12. Your Privacy Rights and Choices

Depending on your location and applicable law, you may have certain rights regarding your personal data.

These may include the right to:

• access personal data we hold about you;
• correct inaccurate or incomplete personal data;
• request deletion of personal data;
• request restriction of processing;
• object to certain processing;
• withdraw consent where processing is based on consent;
• receive a copy of certain data in a portable format;
• request information about how your data is processed; and
• lodge a complaint with a relevant data protection authority.

12.1 Account information

You may be able to access, review, and update certain account information directly through your account settings.

12.2 Marketing communications

You can opt out of marketing emails by using the unsubscribe link in the email or by contacting us.

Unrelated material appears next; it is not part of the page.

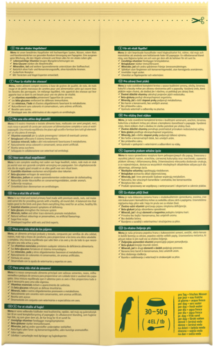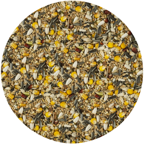céréales (maïs rouge 4,0%), graines 27,7% (graines de tournesol 20,6%), substances minérales, légumes (petit pois déshydraté 1,5%, carotte déshydratée 1,0%), noix1,0%, sous-produits d'origine végétale, miel 0,02%, huiles et graisses, levures (bêta-glucane 80 mg/kg)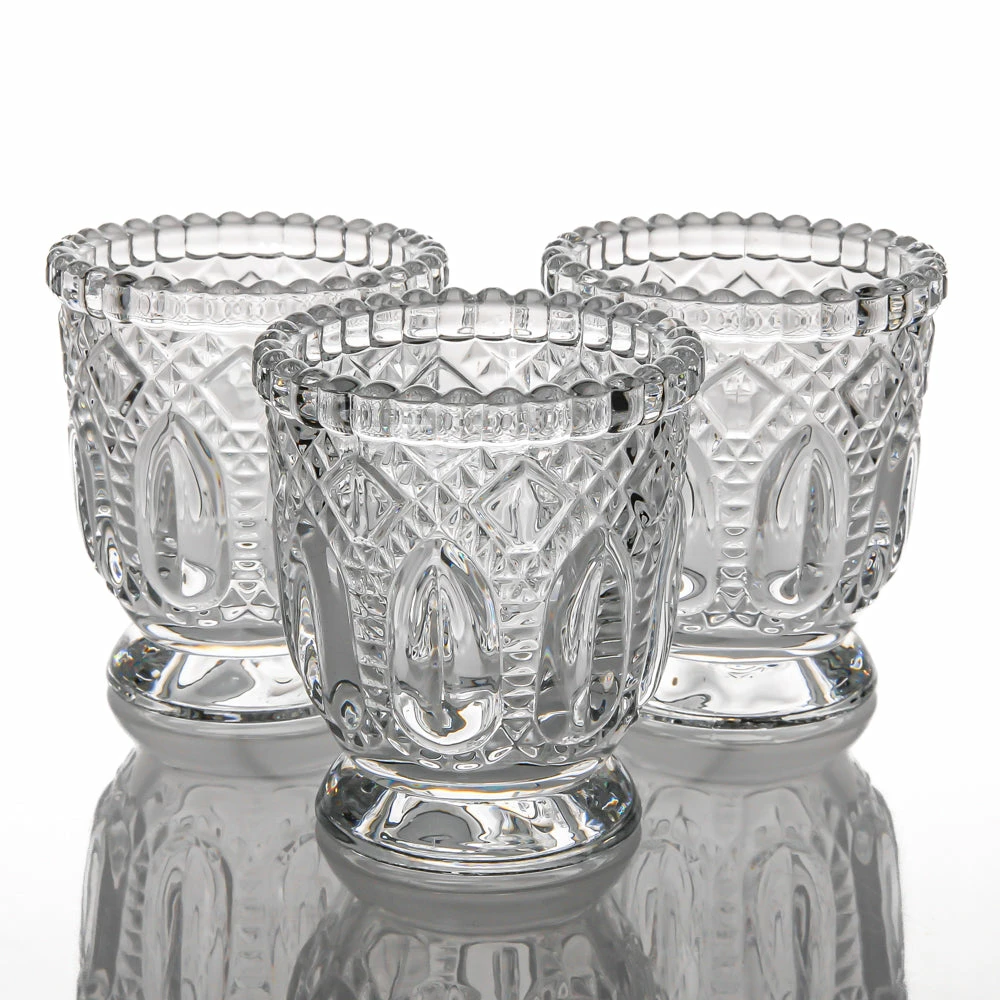 A smaller version of a customer favorite! This regal and romantic holder with beaded edge gives you a glimpse of a vintage tea room. The raised textured facets of the glass beckon the feel of jewels. With these many angles and shapes in the design and thick base, candle light dances about and creates a lovely ambiance. This beautiful royal holder is an excellent choice to add some glamour at a Wedding, Restaurant, Event, or Dinner Party!Â

Even if you opt out of marketing messages, we may still send you transactional or service-related communications.

12.3 Cookies and similar technologies

You can manage cookie preferences through your browser settings and, where available, through our consent tools.

12.4 Submitting privacy requests

To exercise applicable privacy rights, contact us at:

<support@ottermind.ai>

We may need to verify your identity before fulfilling a request. We may also decline or limit requests where permitted by law, such as where fulfilling the request would infringe the rights of others or conflict with our legal obligations.

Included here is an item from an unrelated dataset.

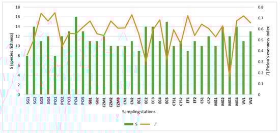 Species richness (S) and evenness (J′) across sampling stations, blue stations represent flooded sampling sites, June 2023.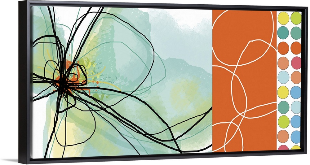 <p>Abstract canvas print of the outline of a flower on the left and multicolored polka dots on the right.</p>

13. Region-Specific Disclosures

13.1 European Economic Area and United Kingdom

If you are located in the EEA or UK, you may have rights under applicable data protection law, including the rights described above. You also have the right to lodge a complaint with your local supervisory authority.

Where required, we will rely on an appropriate legal basis for processing, as described in Section 6, and implement lawful transfer mechanisms for international data transfers.

13.2 United States

Depending on the U.S. state in which you reside, you may have rights under applicable state privacy laws, such as rights to access, correct, delete, or receive a copy of your personal data, and rights to opt out of certain targeted advertising or profiling activities where applicable.

We do not sell personal data for monetary consideration in the ordinary course of our business. Depending on applicable law, certain advertising, analytics, or attribution-related activities may be treated differently, and where required, we will provide the notices and choices required by law.

13.3 Other jurisdictions

If you are located in another jurisdiction that grants privacy rights under local law, you may contact us to request to exercise those rights. We will handle your request in accordance with applicable law.

14. Children's Privacy

The Services are not intended for children under the age of 18, and we do not knowingly collect personal data from children under 18 in a manner that requires parental consent under applicable law.

If you believe a child has provided personal data to us in violation of applicable law, please contact us. If we become aware that we have collected such data unlawfully, we will take appropriate steps to delete it.

15. Third-Party Sites and Services

The Services may contain links to third-party websites, applications, and services, or may allow you to connect to them. We do not control and are not responsible for the privacy or security practices of third parties.

We encourage you to review the privacy policies of any third-party services you access or connect through Ottermind.

16. Changes to This Privacy Policy

We may update this Privacy Policy from time to time. If we make material changes, we will take reasonable steps to notify you, such as by posting the updated Privacy Policy through the Services, on our website, or by email.

Unless otherwise stated, changes become effective when the updated Privacy Policy is posted. Your continued use of the Services after the updated Privacy Policy becomes effective means you acknowledge the revised Privacy Policy.

17. Contact Us

If you have questions, concerns, or requests regarding this Privacy Policy or our privacy practices, contact us at:

Email: <support@ottermind.ai>

If you are contacting us to exercise your privacy rights, please include enough information for us to understand your request and verify your identity where necessary.